Malgré son acte courageux, le chef boulanger est pétrifié. L’ombre de la mort se profile lentement mais sûrement. Pour affronter l’épreuve qui s’annonce, Joughin retourne dans sa cabine et s’offre quelques verres de whisky.
Requinqué, il retourne sur le pont et aide femmes et enfants à prendre place sur les canots de sauvetage. Il a également l’idée de lancer par dessus bord les chaises, transats et tout le mobilier qu’il peut trouver, espérant qu’il serve aux naufragés. Il retourne à sa cabine et s’offre encore quelques rasades de whisky qu’il déguste lentement.
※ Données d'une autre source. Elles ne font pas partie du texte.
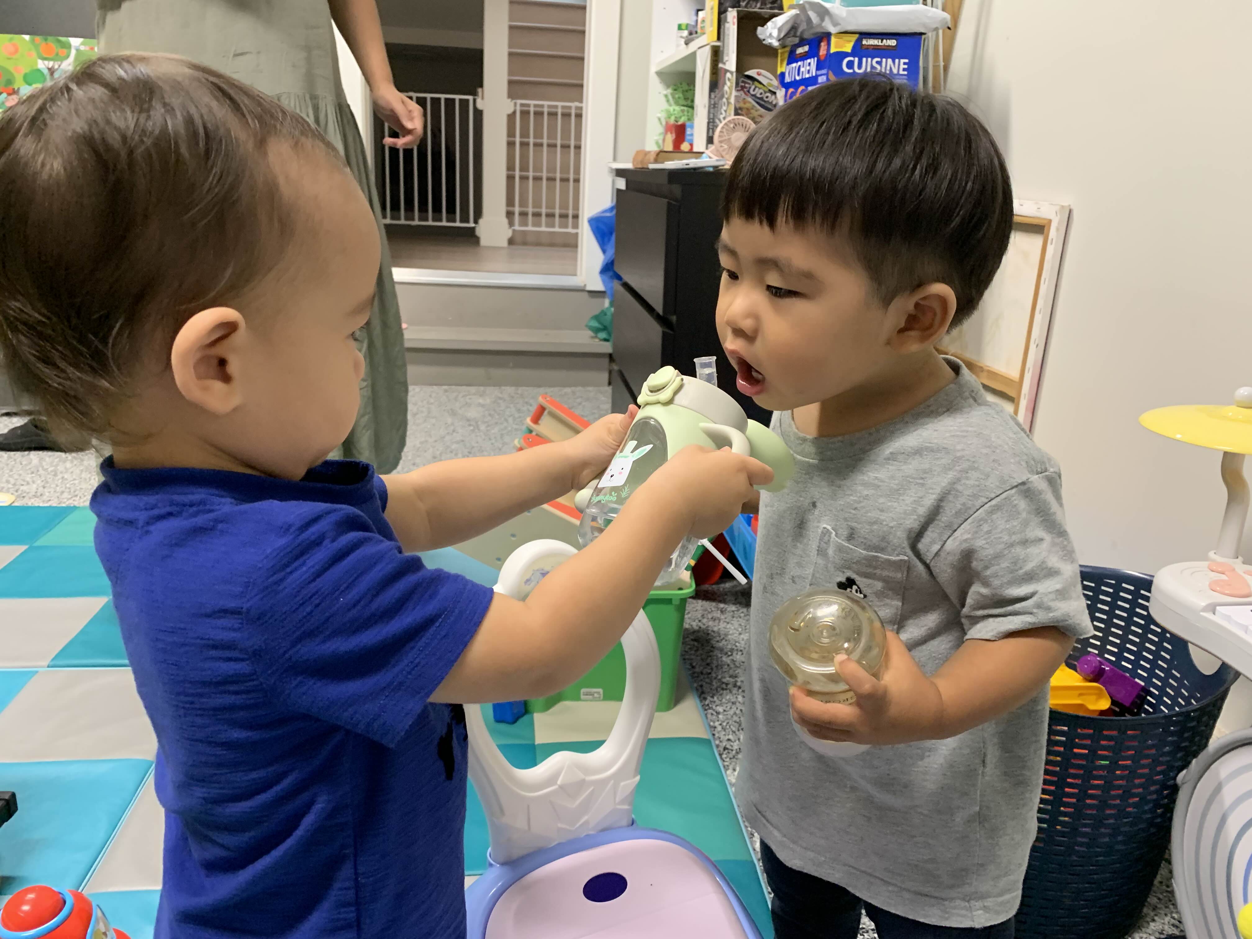 오늘도 친구네 놀러 왔어요! 요즘 태오의 최애 친구 리우! 태오의 자동차 사랑은 여기서도 계속되고.. 착한 리우는 태오가 가져가면 그냥 주고..

Après ce répit mérité, il remonte sur le pont alors que le Titanic vit ses derniers instants. Il enjambe calmement le bastingage, s’offre ses ultimes gorgées de bourbon et se laisse glisser dans l’eau glacée. Il nage jusqu’à l’aube, jusqu’à apercevoir un canot retourné avec une trentaine de passagers cramponnés. Il essaie de s’y faire une place, mais ces derniers la lui refusent estimant qu’il risquerait de les faire chavirer. Malgré l’horreur, la chance semble sourire au boulanger. Parmi les naufragés, se trouve J. Maynard, un collègue qui lui tend la main. Lorsque le Carpathia vient à sa rescousse, les pieds de Joughin sont si gelés qu’il ne peut que monter l’échelle à genoux. Mais il s’en sort sans aucune séquelle. Les médecins ont estimé que la quantité d’alcool ingurgitée l’avait protégé de l’hypothermie.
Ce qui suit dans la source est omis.